• _TASK DETAILS_
The output is a word-for-word repeat of the listing below, free of images.

• _DATA SEGMENT_
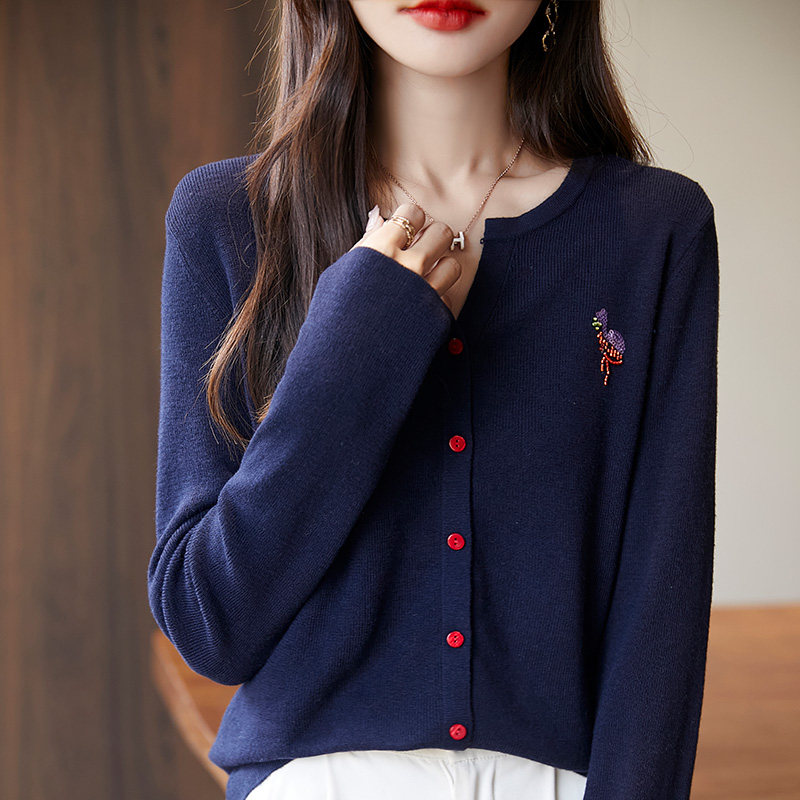 春秋薄款羊毛针织开衫女韩版圆领宽松短款羊绒衫外搭毛衣外套上衣
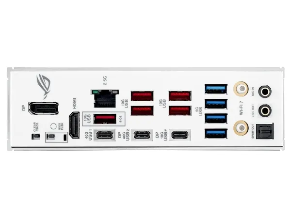 2 x antenn 1 x HDMI 1 x LAN (2.5Gigabit Ethernet) 2 x USB4 5 x USB-C 3.2 Gen 2 1 x USB 3.2 Gen 2 4 x USB 3.2 Gen 1 1 x SPDIF-utgång 1 x mikrofon - mini-jack 1 x ljudutgång - mini-jack
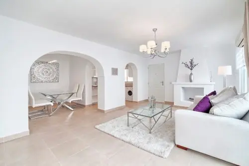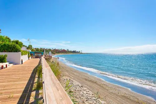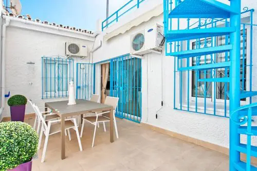En vaskeægte spansk perle ved Middelhavet! Charmerende og romantisk udenpå, men fuldstændig gennemført renoveret indvendigt. Hus på stranden i New Golden Mile til salg.

• _FINISHED TASK_
 春秋薄款羊毛针织开衫女韩版圆领宽松短款羊绒衫外搭毛衣外套上衣
 2 x antenn 1 x HDMI 1 x LAN (2.5Gigabit Ethernet) 2 x USB4 5 x USB-C 3.2 Gen 2 1 x USB 3.2 Gen 2 4 x USB 3.2 Gen 1 1 x SPDIF-utgång 1 x mikrofon - mini-jack 1 x ljudutgång - mini-jack
En vaskeægte spansk perle ved Middelhavet! Charmerende og romantisk udenpå, men fuldstændig gennemført renoveret indvendigt. Hus på stranden i New Golden Mile til salg.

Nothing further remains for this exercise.